The bad news is less straight-up “bad” than “not great.” While hospitalizations are low across the state, that’s not evenly distributed. They’re going up in some places, down in some places, and staying steady in some. Wisconsin has a relatively high rate of booster uptake compared to other states. But in most counties, it’s still less than 25%. To make matters worse, adult vaccinations are higher, but there’s a steep dropoff for kids. Meanwhile, COVID detection in wastewater is increasing. Nearly 8 in 10 plants showing high or very high levels.

Overall, I’d put Wisconsin somewhere between “reason for cautious optimism” and “don’t sleep on COVID.” Things look good for the moment, but they’re probably going to get worse, but we don’t know by how much. Not a lot, let’s hope. But as it happens, we have a safe and effective way to improve those odds. Think about getting a COVID booster this fall or winter, flu or RSV too.
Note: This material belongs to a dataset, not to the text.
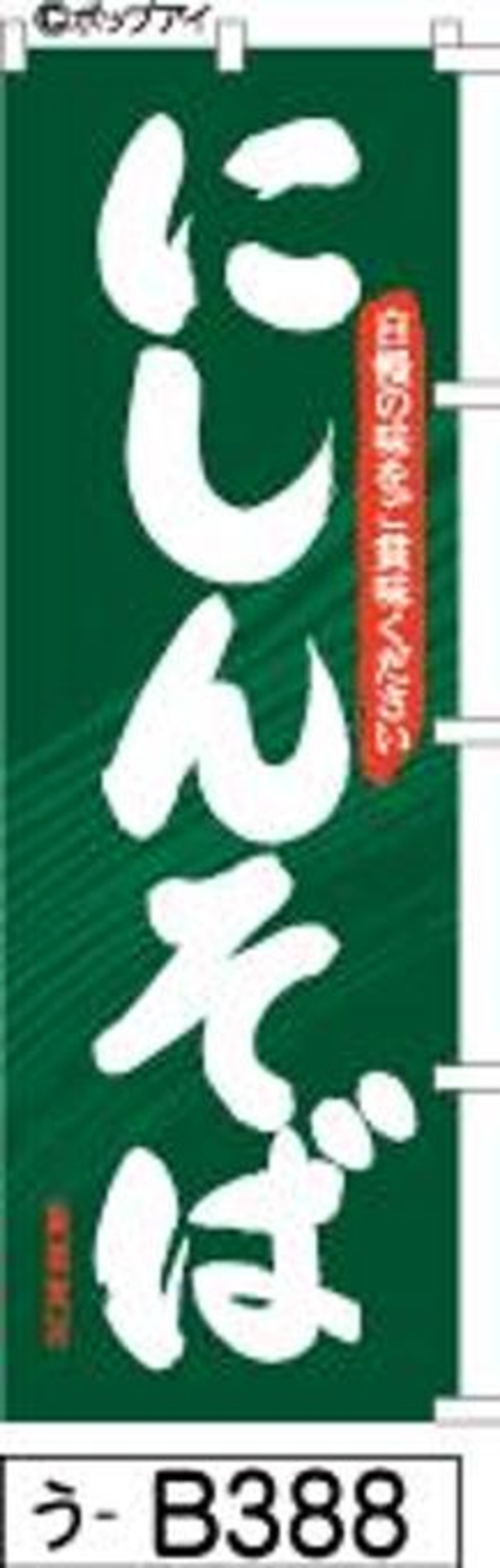 「のぼり【にしんそば】緑の白抜き手書き筆文字[うB388](商標登録番号6807113)『受注生産』」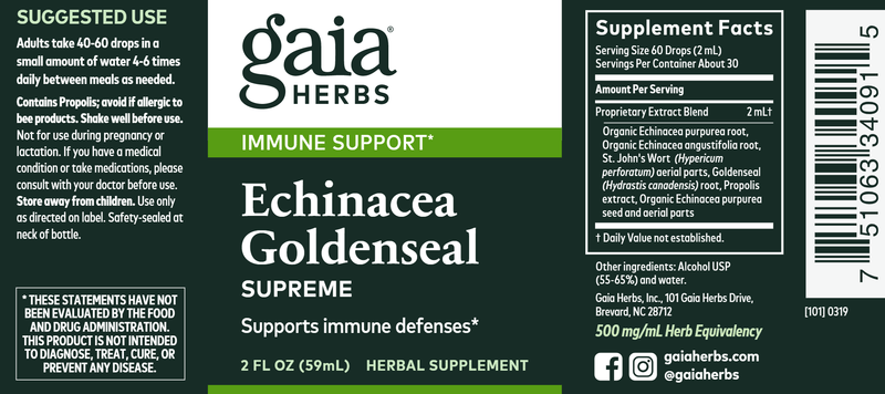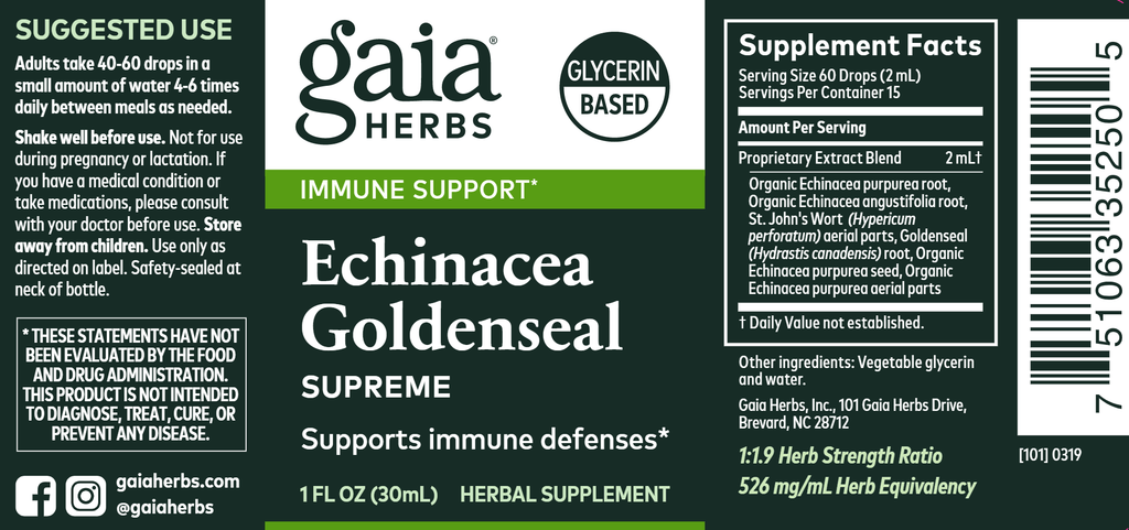 Echinacea Goldenseal Supreme liquid extract supports your body's immune defenses to help you stay feeling well all year-round.

  • The Family Health Center of Marshfield is taking a community-based approach to substance abuse. This part stood out to me: “[M]any local problems stem from methamphetamines and alcohol, Stankowski noted. ‘There’s this huge culture of alcohol in Wisconsin.  It just kills so much slower.'”
  • church-based respite program for adults is coming to Wisconsin. There are some costs for training and participation, but it looks like a really wonderful idea.